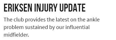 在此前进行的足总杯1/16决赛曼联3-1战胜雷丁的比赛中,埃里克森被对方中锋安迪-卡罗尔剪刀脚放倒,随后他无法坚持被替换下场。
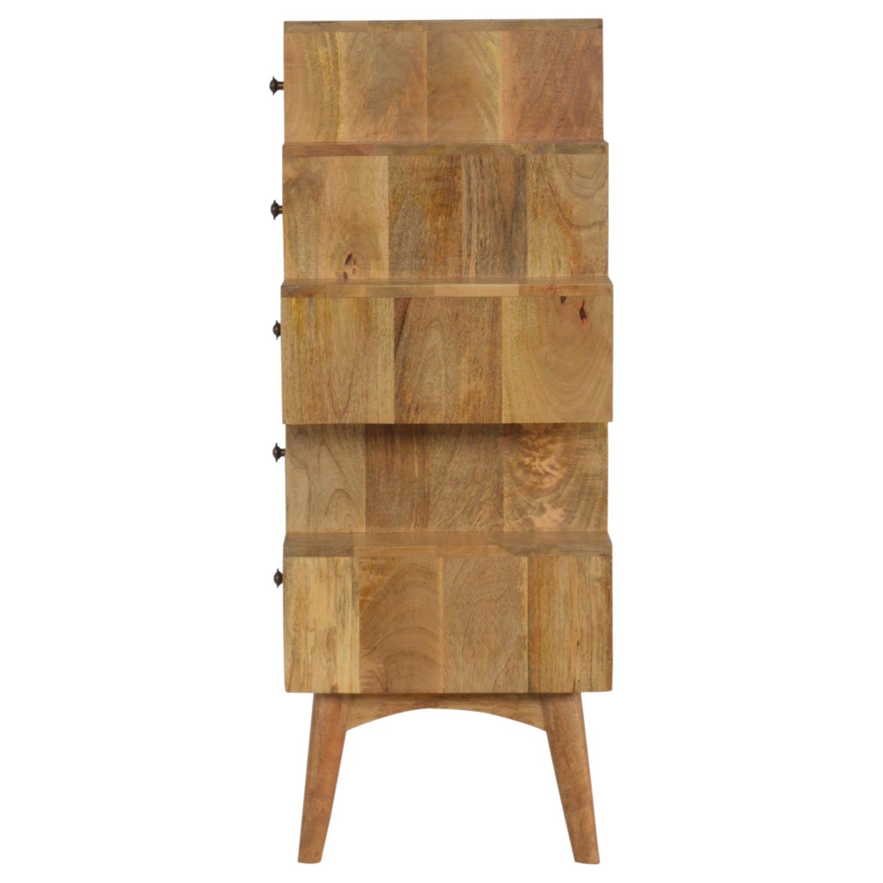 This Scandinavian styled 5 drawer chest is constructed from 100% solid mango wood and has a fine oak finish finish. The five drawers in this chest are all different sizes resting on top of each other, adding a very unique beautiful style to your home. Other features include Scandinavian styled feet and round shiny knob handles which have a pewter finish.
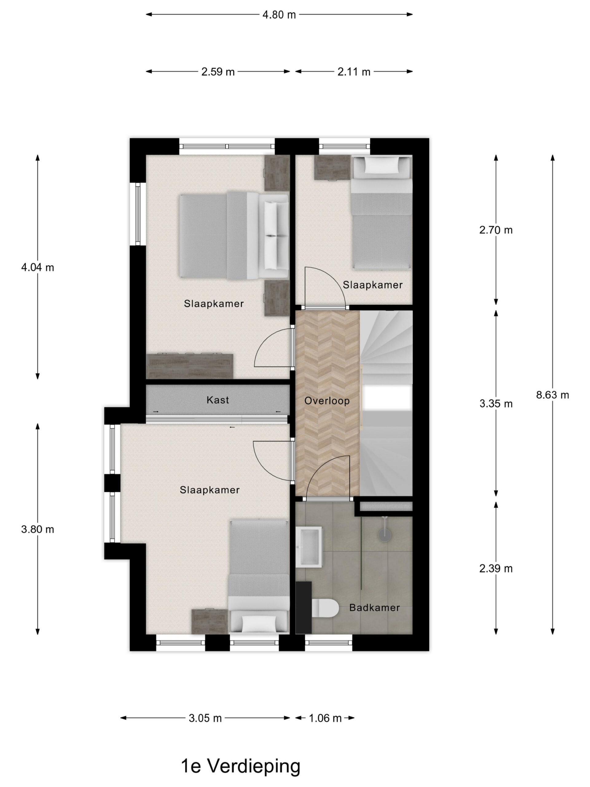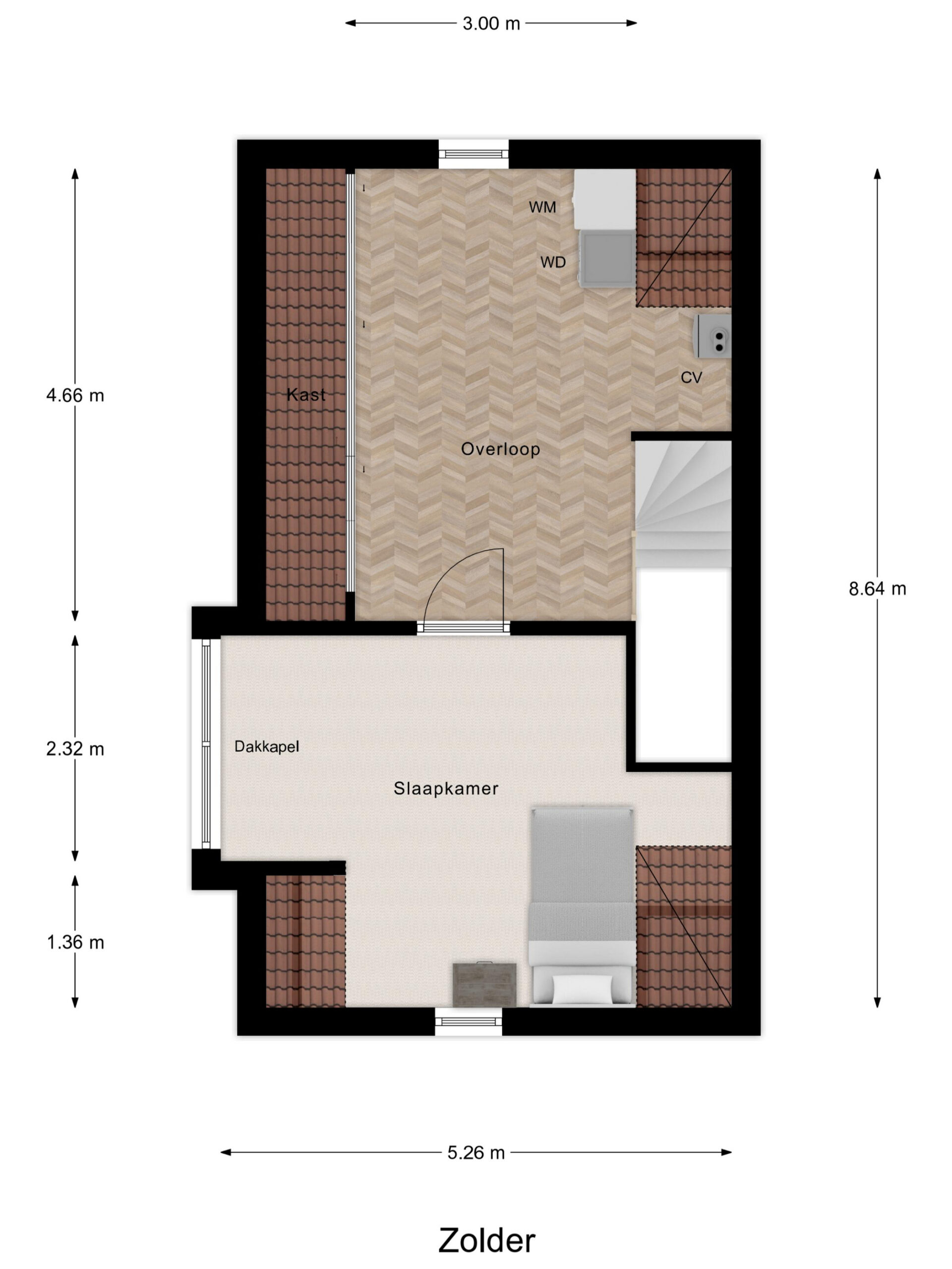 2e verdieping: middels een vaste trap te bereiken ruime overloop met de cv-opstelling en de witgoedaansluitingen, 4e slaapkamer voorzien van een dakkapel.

..........

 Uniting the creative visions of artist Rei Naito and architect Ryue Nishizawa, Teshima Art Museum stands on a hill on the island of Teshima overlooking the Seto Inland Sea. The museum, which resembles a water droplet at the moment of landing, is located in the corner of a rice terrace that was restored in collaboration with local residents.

..........

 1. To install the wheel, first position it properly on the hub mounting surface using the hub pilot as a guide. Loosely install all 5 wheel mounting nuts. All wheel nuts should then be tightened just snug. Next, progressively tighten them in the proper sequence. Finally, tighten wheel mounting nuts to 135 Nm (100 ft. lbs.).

..........

TASK TO COMPLETE: Extract, without any images, the part of the material above that opens with the line containing "在此前进行的足总杯1/16决" and closes with the line containing "This Scandinavian styled", both lines included.

FINISHED EXERCISE:
 在此前进行的足总杯1/16决赛曼联3-1战胜雷丁的比赛中,埃里克森被对方中锋安迪-卡罗尔剪刀脚放倒,随后他无法坚持被替换下场。
 This Scandinavian styled 5 drawer chest is constructed from 100% solid mango wood and has a fine oak finish finish. The five drawers in this chest are all different sizes resting on top of each other, adding a very unique beautiful style to your home. Other features include Scandinavian styled feet and round shiny knob handles which have a pewter finish.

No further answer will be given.